Now let us understand key concepts with respect to HDFS Namenode High Availability. Let us recap HDFS components before we get into HA.
- HDFS have Namenode, Secondary Namenode and Datanodes
- When data is saved in the form of files in HDFS
- Files will be divided into blocks and blocks are saved in Datanodes
- Mapping between File, block id or name and block location is called as metadata.
- This metadata will be stored in memory as well as edit logs of Namenode.
- To control the size of edit logs over period of time, periodically snapshots are taken and they are called as FSImage (using edit logs and last FSImage).
- This process of creating FSImage using last FSImage and edit logs is called as checkpointing.
- If Namenode is down, it will take several minutes to restore and recover fsimage and edit logs to rebuild metadata in memory.

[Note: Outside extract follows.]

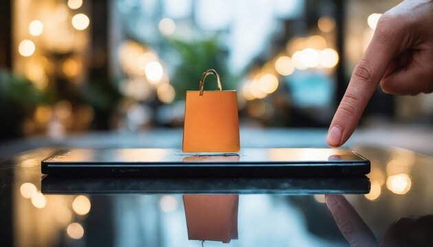Person's finger hovering over blank smartphone screen with shopping bags reflected in glass surface
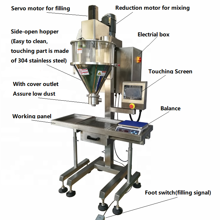 Semi automatic auger type powder filling machine is a compact model applied to dose all kinds of dry powder both free flow and non free flow powder into bags/bottles/cans/jars/etc. The filling was controlled by PLC and servo drive system featured with high speed and good accuracy.

During the recovery process entire cluster is not usable.
- Also if there is hard ware failures, migrating Namenode to other node is also time consuming. It also involves in changing Namenode URI in multiple locations.

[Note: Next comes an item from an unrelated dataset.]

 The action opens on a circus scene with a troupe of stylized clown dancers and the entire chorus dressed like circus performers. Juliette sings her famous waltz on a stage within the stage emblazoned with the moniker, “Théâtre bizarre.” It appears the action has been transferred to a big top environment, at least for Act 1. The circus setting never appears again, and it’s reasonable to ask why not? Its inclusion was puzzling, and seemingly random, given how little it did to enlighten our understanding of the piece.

- We can overcome these issues by configuring High Availability on Namenode.
- In HA configuration, instead of having Namenode and Secondary Namenode we will have Active and Passive Namenode. Hence, it is also called as Active-Passive Configuration. Here are the issues HA addresses.
- Manual involvement in case of an unplanned outage
- Planned upgrades where Namenode need to be brought down
- HA Configuration provides us transparent and fast failover of the Namenode.